We go on. The world in which we are living is a world of unbelief. How can we convince unbelievers even that there is a God let alone that this God became man and out of love for us suffered and died on the cross. How do you make believers out of unbelievers? Well let me tell you the most important mystery of the faith that we are to teach others to accept is the fact that God became man in the person of Jesus Christ, that He lived, died and rose from the dead. Very well. How will we get people to believe what we are telling them. And speaking to you parents, how well I know, having no physical offspring of my own, how well I know, how many parents tell me Father you have no idea how hard it is to raise your children today and keep them in the faith, which I believe when they find so much unbelief around them. I think the most traumatic experience that I have had was when a mother and father told me the seventh child in their family the seventh son and daughter had given up the practice of their faith.
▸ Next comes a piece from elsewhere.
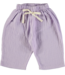 De Pequeno Tocon baby pants muslin lilac combineert comfort met een zomerse kleur. Dit broekje is gemaakt van muslin, een ademende hydrofiele katoen met de kenmerkende lichte textuur. De stof voelt zacht aan op de huid en is ideaal voor warme dagen.

How, how to get unbelievers to accept the faith. How to keep believers remaining faithful to the faith? A thousand recommendations. But listen it is by the practice of meekness and gentleness in spite of the worst kind of provocation we may experience even as remember the early church in the first century the followers of Christ were called Christians and the pagan world of Mediterranean Rome was converted to Jesus Christ because the pagans saw Christians, hear it loving one another. In other words if we want to preserve the faith and share the faith we must show the faith by the practice of extraordinary meekness and gentleness in imitation of Jesus Christ.

Prayer

Lord Jesus you gave us only one lesson to learn from you, you told us learn of me for I am meek and gentle of heart. Dear Savior help us to be like you on earth so we might be with you in heaven which is reserved only for those who have been meek, gentle and humble of heart. Amen.